Up until yesterday, I thought the filthiest of the fossil fuels was brown coal; but it seems there is a more emissions intensive substance – petcoke.
Petroleum code is a by-product of refining oil and is almost pure carbon. There are a few nasties thrown in such as sulphur, which is present in quantities double the amount of that found in coal.
On a per-unit of energy basis, petcoke emits 5 to 10 percent more carbon dioxide than brown coal.
We’ve heard a lot about the damage tar-sands mining does; but I never really gave much thought to the by-products such as petcoke.
According to The Guardian, 60 – 130lbs of pet-coke is created for every barrel of crude that comes out of the Alberta tar sands’ operations – and stockpiles are mounting. A three-story mountain of the waste covers an area the size a city block in Detroit.
So what to do with all this petroleum coke? Burn it for power generation of course.
I’m all for using waste products in a useful way, but in addition to the CO2 and sulphur, the burning of petcoke also releases mercury, lead and soot; so this is a waste product that just keeps on damaging.
While petroleum coke can’t be used for power generation in the USA due to the sulphur content; Detroit’s petcoke, which has its origins in Canadian tar sands oil, is going to be shipped back to Canada – and they’ll burn it there.
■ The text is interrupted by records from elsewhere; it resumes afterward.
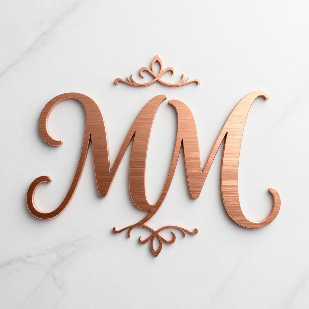 Luxury elegant MM logo crafted from brushed copper and rose gold blend, featuring cursive calligraphic letters with ornamental flourishes, layered on a marble white backdrop, perfect for premium boutique business visuals.
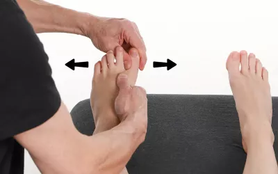 Continue bracing the first metatarsal and glide the base of the proximal phalanx to the left without bending the toe and then to the right. Repeat this back-and-forth gliding motion several times within the client's pain tolerance.
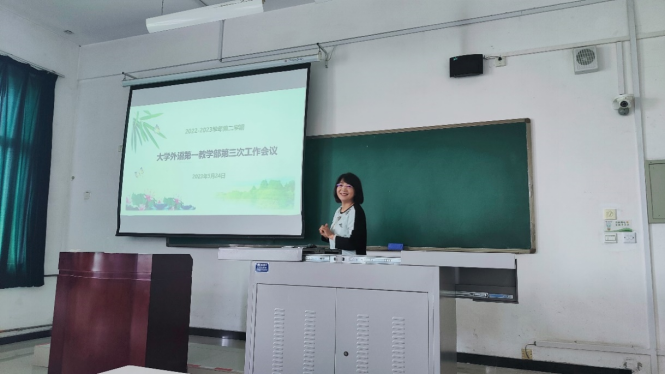 在教學(xué)工作會議環(huán)節(jié),大學(xué)外語第一教學(xué)部主任李雪梅對近期教學(xué)工作進(jìn)行總結(jié)和進(jìn)一步安排,并對新一輪本科教育教學(xué)審核評估進(jìn)行部署安排。會議還進(jìn)行了系部2023年度優(yōu)秀教師和師德先進(jìn)個人評選及推薦工作。
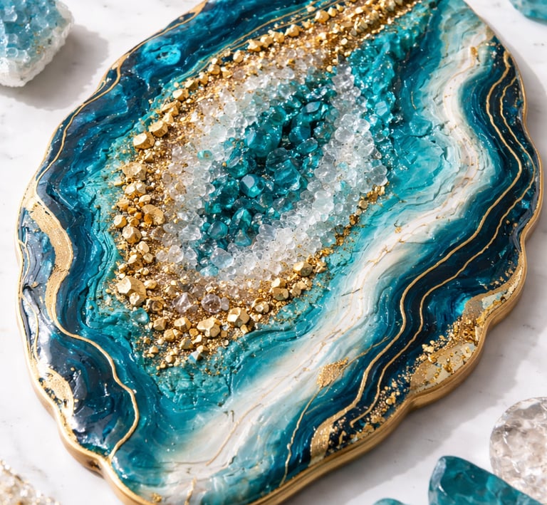 I’m Teresa Agee, an Indiana-based artist inspired by color, texture, light, and the beauty found in transformation. My work blends acrylic painting, resin, and mixed media to create pieces that feel both organic and intentional—where fluid movement meets sculptural detail. From luminous resin geodes to expressive portraits and atmospheric landscapes, each creation is designed to evoke emotion, curiosity, and a sense of connection.
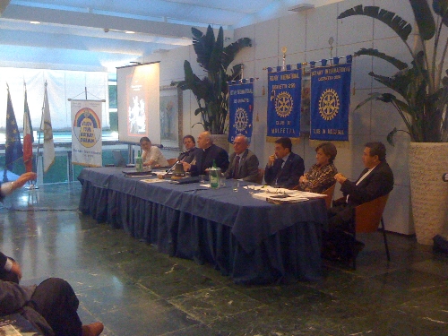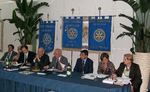 MOLFETTA - “Un attento lavoro di ricerca che consente di aprire nuovi scenari sulla vita del Giaquinto e dei pittori Porta”, così è stata definita l’opera scritta da Mons. Pietro Amato grazie a diversi e scrupolosi studi condotti in Italia e in Europa, su Corrado Giaquinto. L’opera è edita dal Rotary Club di Molfetta, presieduto da Pietro Facchini, per realizzare un service a favore della popolazione africana del Burkina Faso (Nella foto, da sinistra: l'assistente di mons. Amato, Mimmo Franco presidente Rotary Trani, Mons. Amato, Pietro Facchini, Luigi Logoluso, presidente Rotary Bisceglie, Rosa Lorusso e il sindaco di Molfetta Antonio Azzollini).
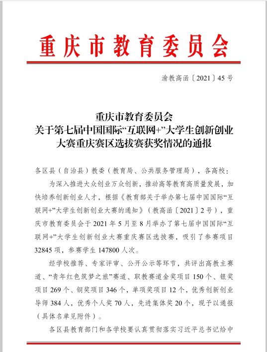 为深入推进大众创业、万众创新,推动高等教育高质量发展,加快培养创新创业人才,根据《教育部关于举办第七届中国国际“互联网+”大学生创新创业大赛的通知》(教高函〔2021〕2号),重庆市教育委员会于 5月至8月举办了第七届中国国际“互联网+”大学生创新创业大赛重庆赛区选拔赛,本届大赛共吸引了参赛项32845项,参赛学生147800人次。
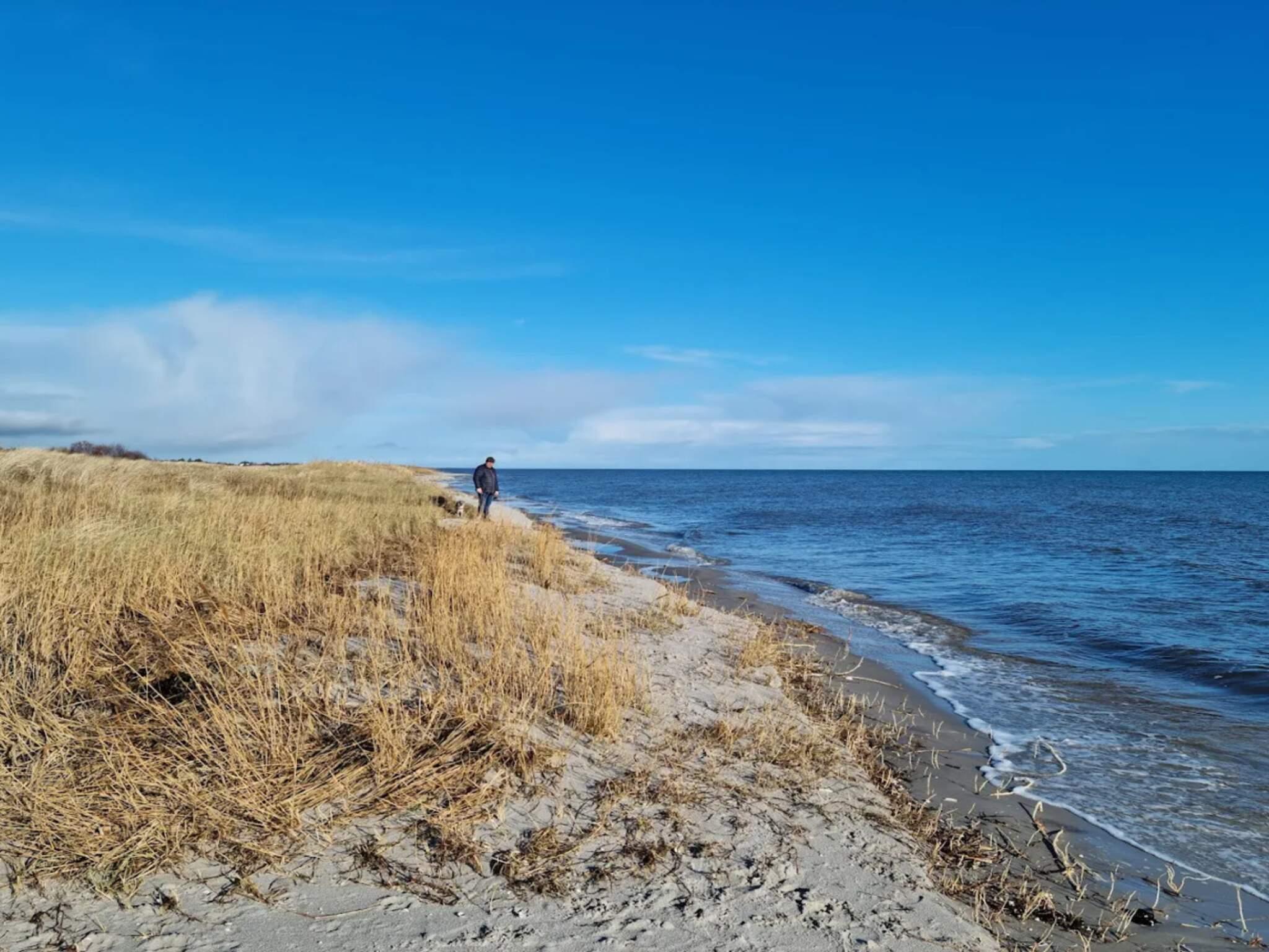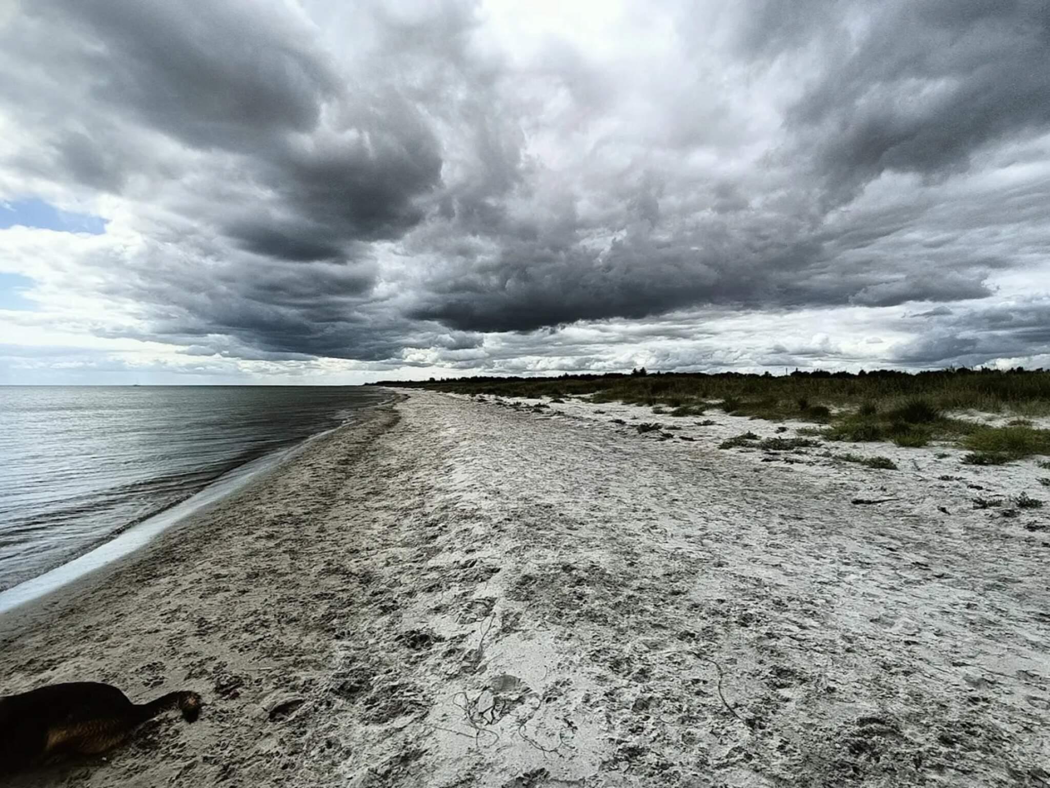 Der Eingangsbereich bietet praktischen Stauraum und beherbergt eine Waschmaschine und einen Trockner. Hier befindet sich ein helles Badezimmer mit Whirlpool, neben einem Schlafzimmer mit Doppelbett und Kleiderschrank. Die offene Küche geht nahtlos in das Wohnzimmer über, das mit einem gemütlichen Holzofen und einer klimafreundlichen Wärmepumpe für kühlere Tage ausgestattet ist. Für Unterhaltung sorgt ein Fernseher mit Chromecast und integriertem Kabelanschluss, der skandinavische und einige deutsche Sender bietet. Vom Wohnzimmer aus gelangen Sie auf eine große, überdachte Terrasse mit herrlichem Blick auf das Wasser.

It doesn’t really matter where it’s burned – there will be a global impact.
With petcoke factored in, there is 24 percent more carbon dioxide embedded in a barrel of tar sands bitumen than in a barrel of light oil according to a report titled “Petroleum Coke: The Coal Hiding in the Tar Sands” (PDF).
It seems oil extraction from Canada’s tar sands being labelled the “most environmentally destructive project on earth” is no exaggeration. That such a beautiful region is being turned into something akin to Mordor is tragic enough without all the additional threats posed by the mining of what lies beneath.